If I naïvely say that Week 1 establishes a true distribution for averaged weekly counts, then being more than 1σ above the mean for three weeks would have a probability of about p = (0.16)^3 = 0.0041 if that true count distribution remained constant.
Unfortunately, this p-value is poorly calibrated because the sampling errors in the estimates of the weekly means and σ are non-negligible compared to the value of σ.* We can obtain an accurate p-value by simulation. Under the null hypothesis of no change in counting frequency, the count for each day follows a Poisson distribution with mean = 150 counts / 35 days (I got 150 from adding up all the counts in the plot; there is some sampling error in this estimate, but its effect on the estimated p-value is negligible). From simulating 10^5 samples, I found 8296 samples with week 3–5 means that are all greater than the sum of the week 1 mean and week 1 SD. This gives p = 0.083.
An alternative (and standard) way to get a p-value here is to use Kendall tau as a test statistic, which gives a non-parametric rank-based test for monotone association. The single-tailed Kendall tau gives p = 0.076.
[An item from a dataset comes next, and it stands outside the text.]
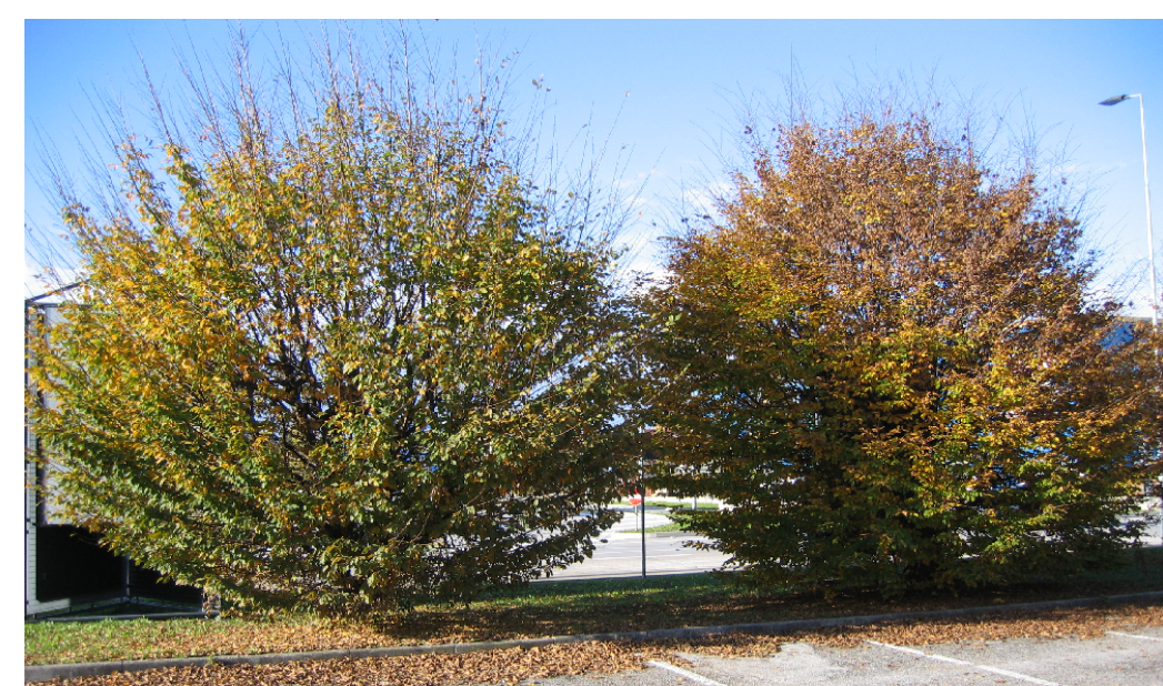
FOTO 4 QUINTA VEGETATIVA SU AIUOLE DI SEPARAZIONE TRA PARCHEGGI E VIABILITA' DI PIANO

* ETA: Let me add more explanation for any reader who is not sure what’s going on. The p-value in the post is (exactly) correct if the weekly mean and SD under the null hypothesis can be determined without any error. Unfortunately, we cannot do that—the best we can do is to estimate the weekly mean and SD using the week 1 mean and SD, so our estimates contain sampling errors. Often, we do not care about sampling errors when we are working with large samples because these errors are negligibly small compared to the SD. However, in this case, our sample has only n = 7, so sampling errors are non-negligible compared to the SD. This becomes a problem when we work with p-values because the null hypothesis is dependent on our estimates, but the errors in these estimates are not taken into consideration when we calculate the p-value. A common way to work around this is to use simulations, as I did. Alternatively, because our null hypothesis is rather simple, it might be feasible to use analytic methods to calculate a correct p-value.
Thanks! Hardly a nitpick, I should really know better. It looks especially bad that my laziness/carelessness led to overstated results. 150 is the correct number of counts, and I agree with your calculation. Embarrassingly, I also screwed up the p-value for the sleep correlation, [EDIT] which I retracted briefly but now have fixed.
This is a well-written post! Upvoted.
A nitpick:
Unfortunately, this p-value is poorly calibrated because the sampling errors in the estimates of the weekly means and σ are non-negligible compared to the value of σ.* We can obtain an accurate p-value by simulation. Under the null hypothesis of no change in counting frequency, the count for each day follows a Poisson distribution with mean = 150 counts / 35 days (I got 150 from adding up all the counts in the plot; there is some sampling error in this estimate, but its effect on the estimated p-value is negligible). From simulating 10^5 samples, I found 8296 samples with week 3–5 means that are all greater than the sum of the week 1 mean and week 1 SD. This gives p = 0.083.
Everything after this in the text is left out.